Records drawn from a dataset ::
--
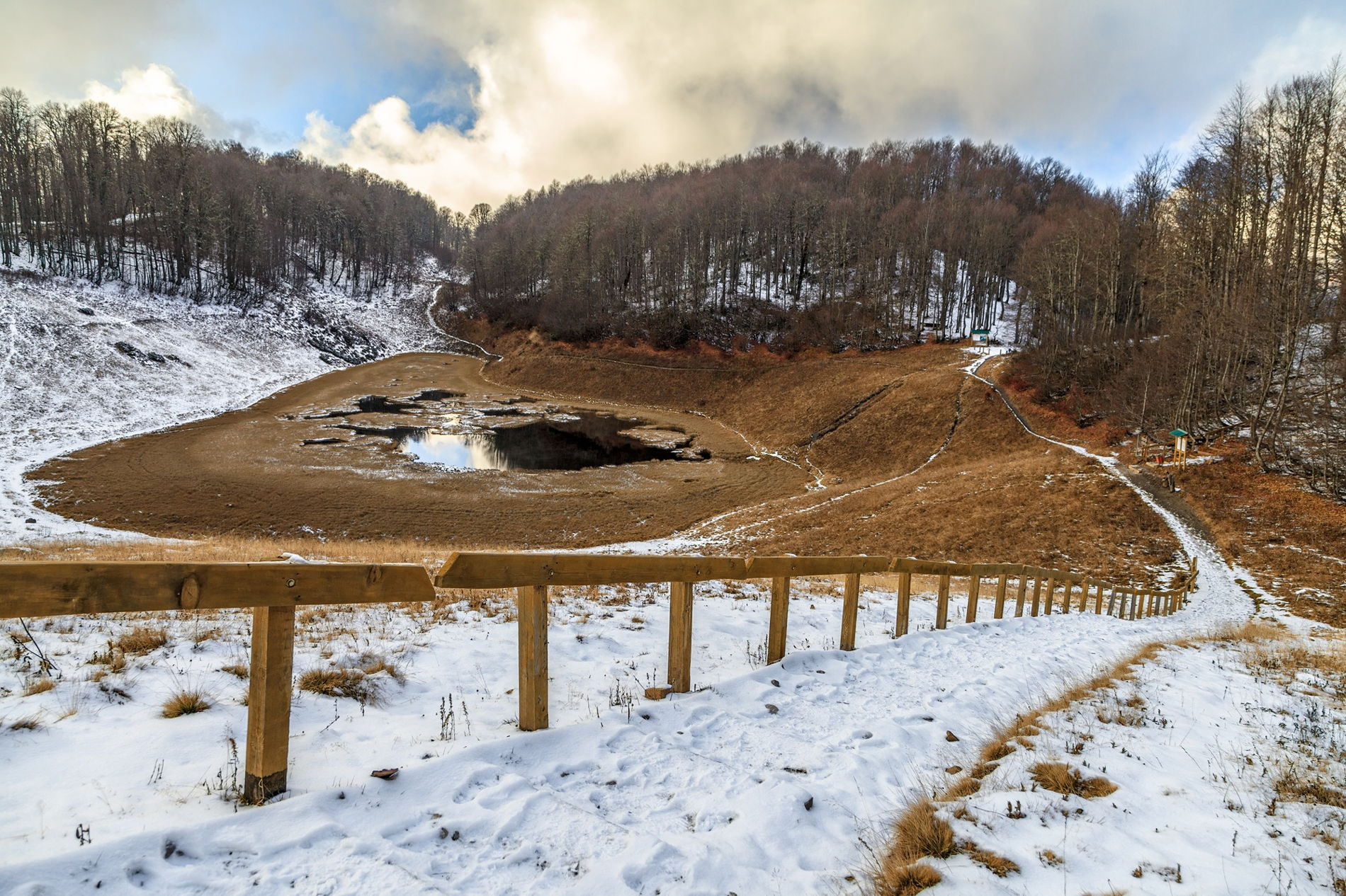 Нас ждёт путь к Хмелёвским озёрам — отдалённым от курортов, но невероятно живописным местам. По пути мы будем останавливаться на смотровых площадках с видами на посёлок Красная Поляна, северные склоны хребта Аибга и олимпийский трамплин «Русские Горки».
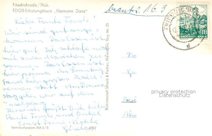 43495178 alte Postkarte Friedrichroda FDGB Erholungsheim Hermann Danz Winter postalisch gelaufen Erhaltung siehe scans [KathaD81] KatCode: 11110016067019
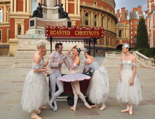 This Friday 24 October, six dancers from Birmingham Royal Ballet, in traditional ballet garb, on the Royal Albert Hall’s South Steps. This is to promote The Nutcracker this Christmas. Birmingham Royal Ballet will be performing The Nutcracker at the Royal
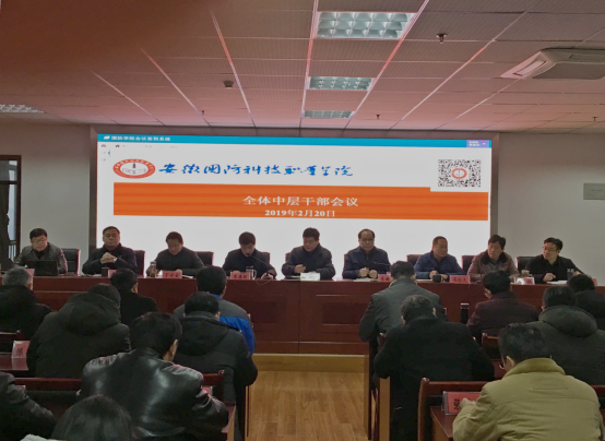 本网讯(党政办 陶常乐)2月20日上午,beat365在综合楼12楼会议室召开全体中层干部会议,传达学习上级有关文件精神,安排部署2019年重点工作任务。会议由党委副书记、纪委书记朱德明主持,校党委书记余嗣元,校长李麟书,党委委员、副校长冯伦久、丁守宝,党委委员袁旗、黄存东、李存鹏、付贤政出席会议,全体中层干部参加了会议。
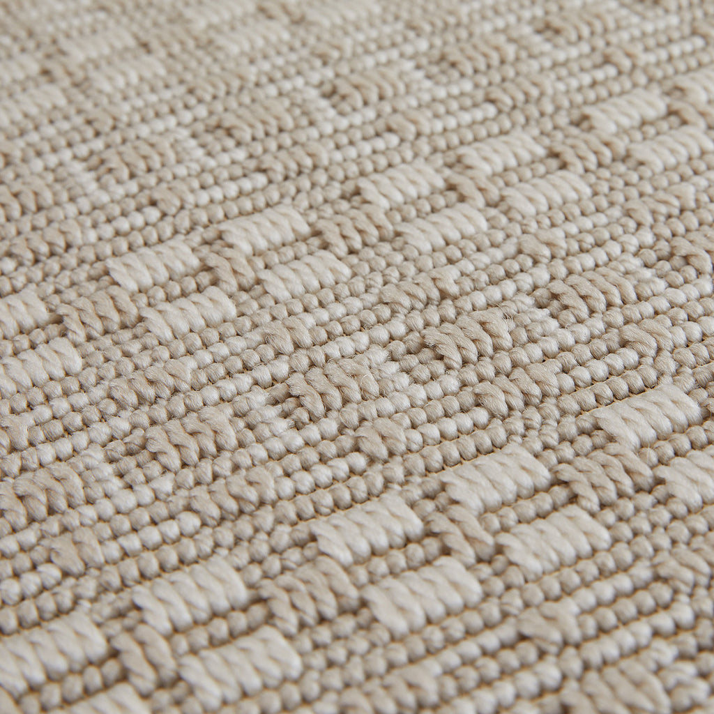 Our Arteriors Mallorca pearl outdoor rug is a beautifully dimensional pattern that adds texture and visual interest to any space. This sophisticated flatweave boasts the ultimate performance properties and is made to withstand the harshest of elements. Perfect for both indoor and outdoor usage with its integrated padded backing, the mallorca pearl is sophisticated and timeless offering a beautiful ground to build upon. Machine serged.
--
Task to complete :: Your answer should be the lines above, word for word, from the line with "43495178 alte Postkarte" through the line with "本网讯(党政办 陶常乐)2月", minus the pictures.

Result of this task ::
 43495178 alte Postkarte Friedrichroda FDGB Erholungsheim Hermann Danz Winter postalisch gelaufen Erhaltung siehe scans [KathaD81] KatCode: 11110016067019
 This Friday 24 October, six dancers from Birmingham Royal Ballet, in traditional ballet garb, on the Royal Albert Hall’s South Steps. This is to promote The Nutcracker this Christmas. Birmingham Royal Ballet will be performing The Nutcracker at the Royal
 本网讯(党政办 陶常乐)2月20日上午,beat365在综合楼12楼会议室召开全体中层干部会议,传达学习上级有关文件精神,安排部署2019年重点工作任务。会议由党委副书记、纪委书记朱德明主持,校党委书记余嗣元,校长李麟书,党委委员、副校长冯伦久、丁守宝,党委委员袁旗、黄存东、李存鹏、付贤政出席会议,全体中层干部参加了会议。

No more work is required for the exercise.